En attendant, l'hiver approche. Et Médecins du monde distribue tentes et couvertures aux nouveaux arrivants. L'association a également investi dans une « washing car », comme l'appelle Véronique, qui en tient l'entrée : un camping-car qui fait office de douche itinérante. Une vingtaine par jour... pour plus de 2 000 migrants.

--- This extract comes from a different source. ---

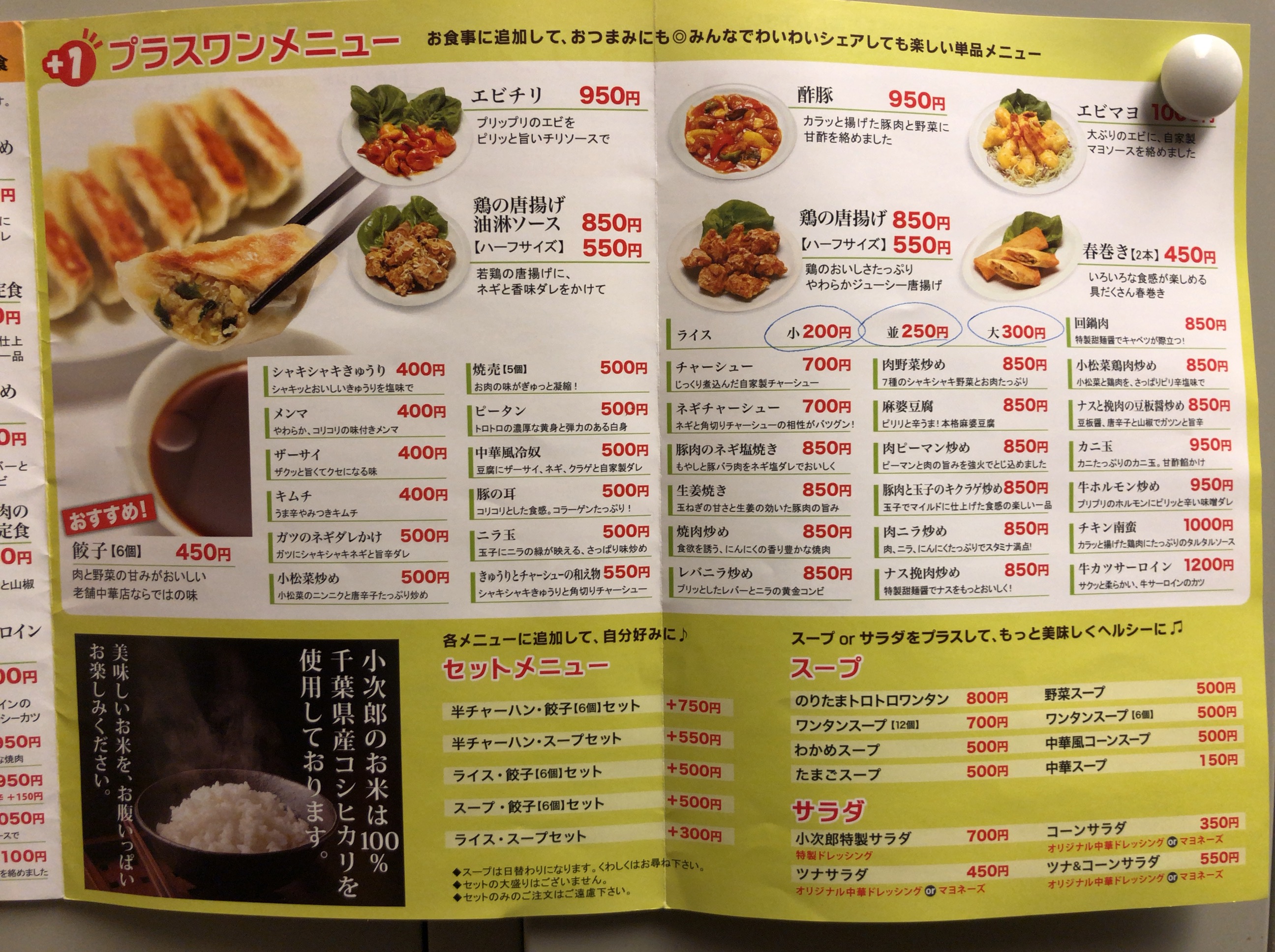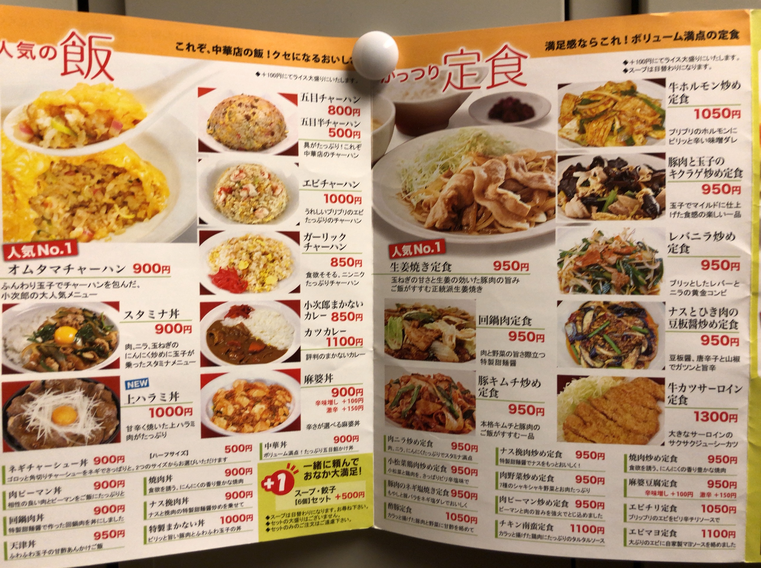 チャーハン系のご飯もの、定番中華おかずから生姜焼きまで色々ある定食。餃子や一品料理、つまみ系、スープも。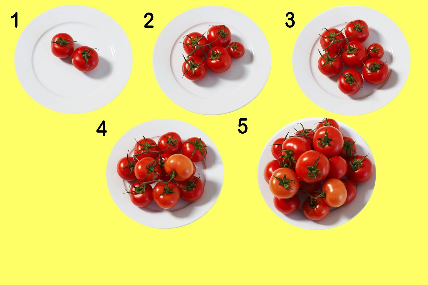 Tomater: 1. 50 kalorier = 192 gram 2. 100 kalorier = 385 gram 3. 150 kalorier = 577 gram 4. 250 kalorier = 992 gram 5. 500 kalorier = 1923 gram

Avec un passage en Angleterre rendu plus compliqué par les mesures annoncées par le ministre de l'intérieur, le comptoir du Café de la Tour a du mal à comprendre comment le nombre de migrants pourrait diminuer. « Moins ils peuvent passer, plus ils seront nombreux à rester bloqués à Calais », résume Dominique. Et plus ils prendront de risques pour monter dans les camions, souligne Isabelle Bruand de Médecins du monde. Le préfet, lui, préfère penser que cela dissuadera migrants et passeurs : si le port est hermétique, ils seront moins attirés par Calais, pense-t-il.

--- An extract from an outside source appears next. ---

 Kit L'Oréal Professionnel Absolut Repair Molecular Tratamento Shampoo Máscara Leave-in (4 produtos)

L'Angleterre « cachée derrière la mer »
Car, pour la plupart d'entre eux, la France n'est qu'un pays de passage dans leur voyage vers l'eldorado qu'ils pensent trouver de l'autre côté de la Manche. Là-bas, « on aura une maison », rêve Abdallah, qui a fui le Soudan. En France, demander l'asile est « trop long et trop difficile ». Alors, en attendant de passer, il vit sur un tas de matelas coincés contre une salle des fêtes, avec une vingtaine d'autres Soudanais.
La procédure d'asile a malgré tout été facilitée à Calais depuis quelques mois, et l'information commence à circuler. Près de 500 migrants ont pris un premier contact avec les autorités depuis la rentrée, selon la préfecture.

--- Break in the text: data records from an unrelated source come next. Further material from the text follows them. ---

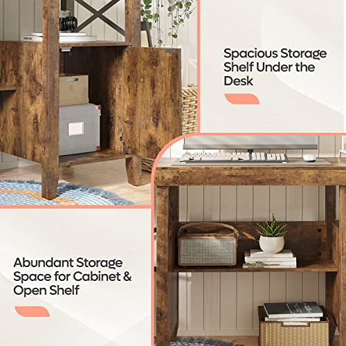 【Under-desk Bookshelf】 Our Farmhouse Office Table for Writing & Study comes with under desk bookshelf, which offers ample storage space for books, files, and other supplies. Abundant storage space for cabinet with door & open shelf provide you with high stability and flexibility of storage choices.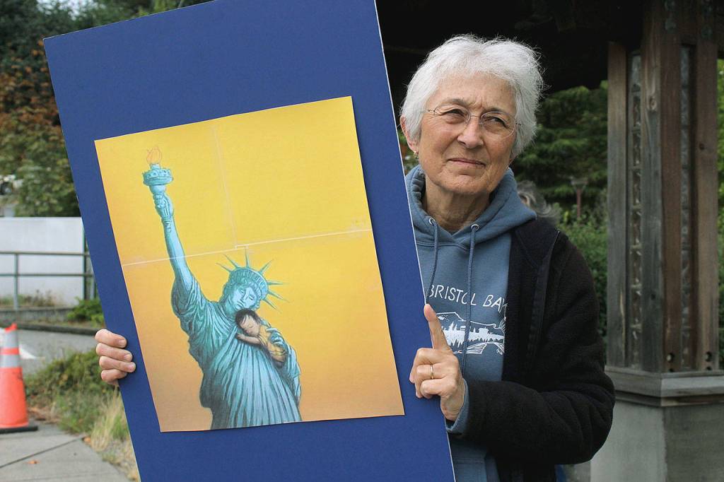 Whidbey Island Indivisible group joins banner march protesting immigration policy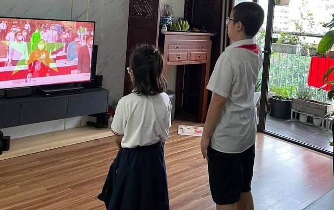 “Từ sáng sớm tôi đã gọi các con dậy chuẩn bị trang phục, đồ dùng học tập, máy tính để các con đón lễ khai giảng”. Chị Nguyễn Xuân cho biết thêm.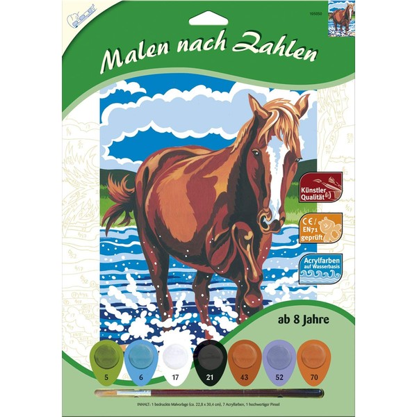Mammut Spiel & Geschenk MAMMUT 105050 - Malen nach Zahlen Tiermotiv, Pferd, Komplettset mit bedruckter Malvorlage im A4 Format, 7 Acrylfarben und Pinsel, Malset für Kinder ab 8 Jahre

Moussa est l'un d'eux. Calais est peut-être pour lui l'ultime étape d'un long voyage qui a commencé lorsqu'il a quitté le Soudan, il y a six mois, par quinze jours de traversée du désert, avec seulement une tasse d'eau tous les deux jours. Il fallut ensuite endurer deux jours de traversée de la Méditerranée entassés à 90 sur un bateau de fortune pour gagner la Sicile. « C'est difficile », répète-t-il sans cesse. Alors, sans y croire vraiment, il a décidé de tenter sa chance. Il a rendez-vous pour faire sa demande d'asile en France, « dans quatre jours », insiste-t-il, en montrant le chiffre avec ses doigts.
« Les pauvres », répète une vieille dame qui promène son chien non loin du commissariat. Elle ne leur en veut pas, « les pauvres », elle en veut à l'Angleterre « cachée derrière la mer ».
En septembre, le Royaume-Uni a finalement reconnu être « responsable avec la France » de la gestion de la pression migratoire à Calais. L'accord signé entre les deux pays prévoit ainsi une contribution britannique à hauteur de 15 millions d'euros sur trois ans pour renforcer la sécurité du port, ainsi qu'une coopération policière renforcée sur le démantèlement des filières de passeurs.
Mais douze ans après la fermeture du centre de Sangatte, neuf ans après l'accord du Touquet permettant aux Britanniques de pratiquer des contrôles à Calais, Bruno, qui travaille au port, ne croit plus aux solutions annoncées. « Faudra pas s'étonner aux prochaines élections », menace-t-il. Le Front national prépare déjà le terrain : sa présidente Marine Le Pen rend visite aux Calaisiens, vendredi matin.